— YOUR INSTRUCTIONS —
Verbatim output, no pictures: the lines from the beginning of the material through the line with "256 x 256 TSI, 8", both ends kept.

— DATA BLOCK —
▼

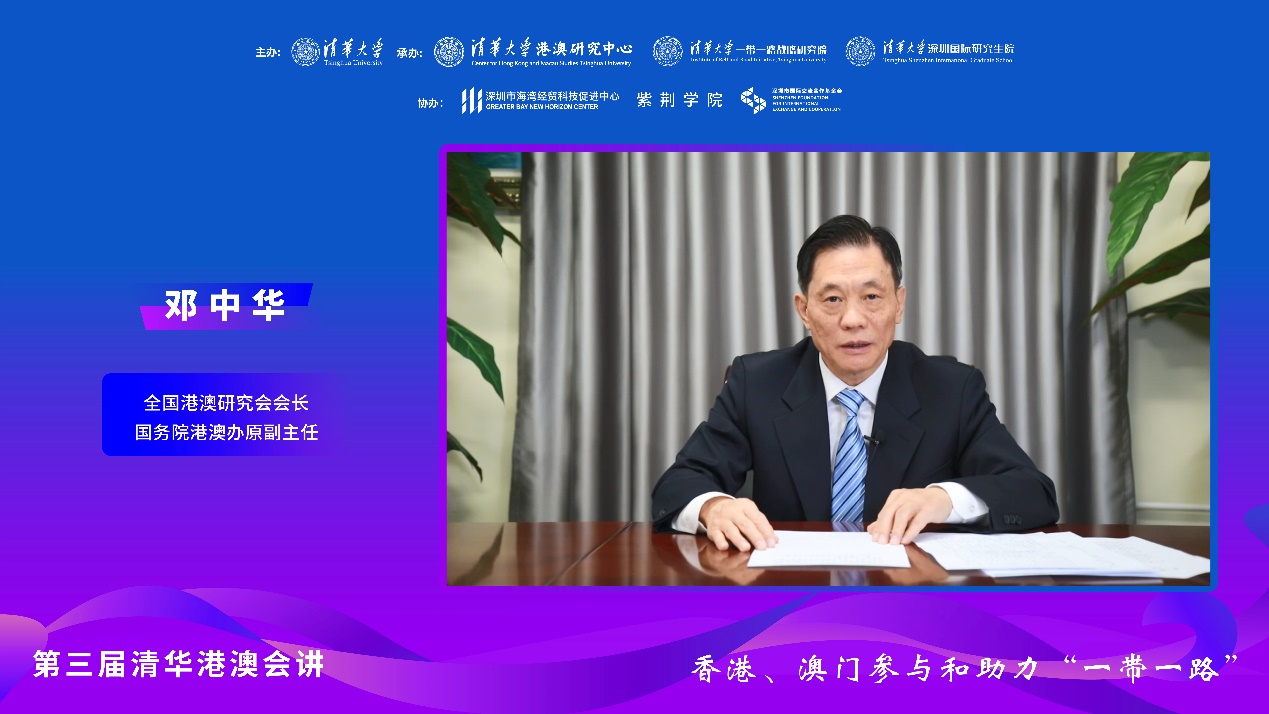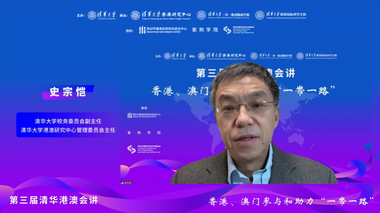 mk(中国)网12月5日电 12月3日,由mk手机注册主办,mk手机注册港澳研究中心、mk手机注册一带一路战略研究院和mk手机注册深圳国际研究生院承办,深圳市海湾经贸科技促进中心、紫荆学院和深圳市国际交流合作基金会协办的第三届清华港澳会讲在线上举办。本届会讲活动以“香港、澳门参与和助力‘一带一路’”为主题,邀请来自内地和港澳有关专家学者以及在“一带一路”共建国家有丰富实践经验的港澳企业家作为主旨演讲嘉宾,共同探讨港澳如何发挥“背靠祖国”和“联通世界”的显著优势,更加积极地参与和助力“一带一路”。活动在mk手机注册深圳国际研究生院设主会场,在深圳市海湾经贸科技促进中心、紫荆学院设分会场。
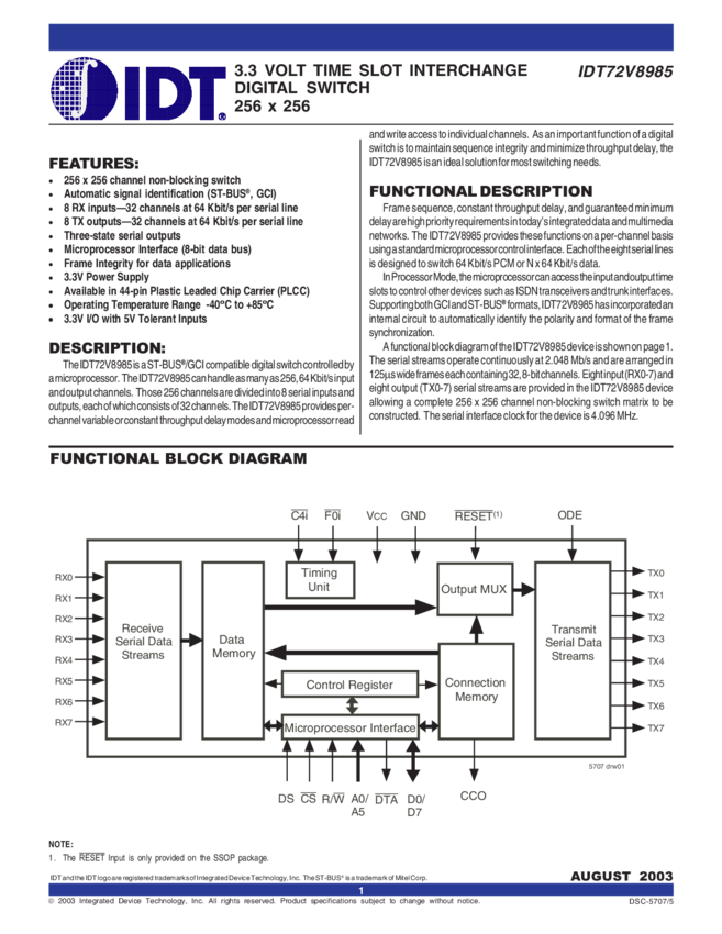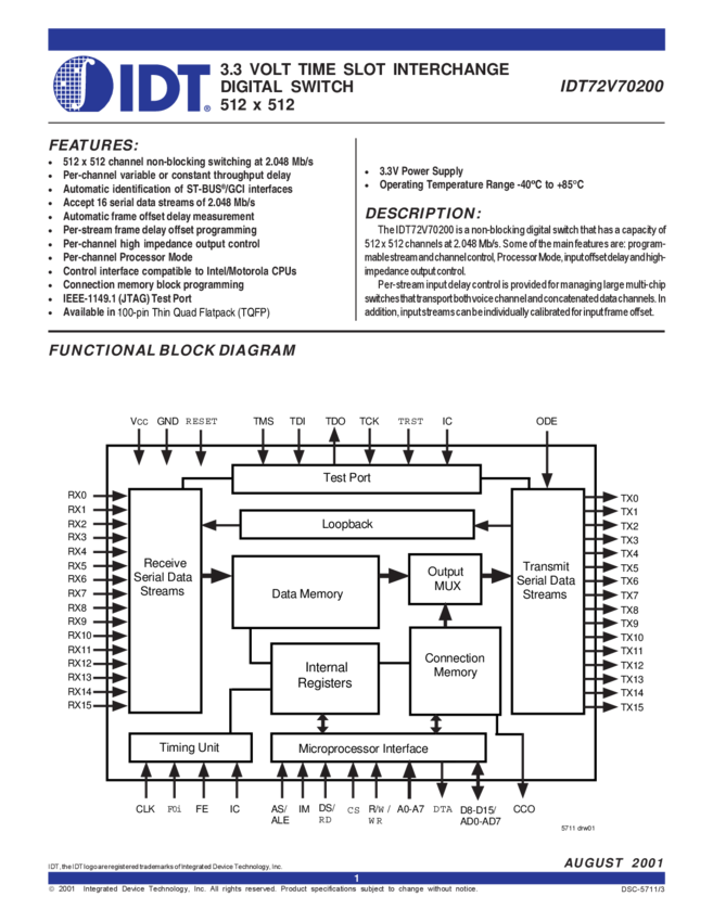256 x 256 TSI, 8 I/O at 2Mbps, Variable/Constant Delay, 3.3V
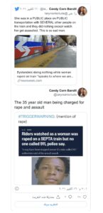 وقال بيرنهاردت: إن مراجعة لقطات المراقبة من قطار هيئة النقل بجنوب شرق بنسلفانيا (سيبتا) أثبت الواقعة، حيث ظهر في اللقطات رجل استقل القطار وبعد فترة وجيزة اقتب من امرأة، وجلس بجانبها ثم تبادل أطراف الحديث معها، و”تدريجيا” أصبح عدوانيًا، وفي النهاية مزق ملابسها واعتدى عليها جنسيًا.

▲

— ANSWER TO THE EXERCISE —
 mk(中国)网12月5日电 12月3日,由mk手机注册主办,mk手机注册港澳研究中心、mk手机注册一带一路战略研究院和mk手机注册深圳国际研究生院承办,深圳市海湾经贸科技促进中心、紫荆学院和深圳市国际交流合作基金会协办的第三届清华港澳会讲在线上举办。本届会讲活动以“香港、澳门参与和助力‘一带一路’”为主题,邀请来自内地和港澳有关专家学者以及在“一带一路”共建国家有丰富实践经验的港澳企业家作为主旨演讲嘉宾,共同探讨港澳如何发挥“背靠祖国”和“联通世界”的显著优势,更加积极地参与和助力“一带一路”。活动在mk手机注册深圳国际研究生院设主会场,在深圳市海湾经贸科技促进中心、紫荆学院设分会场。
256 x 256 TSI, 8 I/O at 2Mbps, Variable/Constant Delay, 3.3V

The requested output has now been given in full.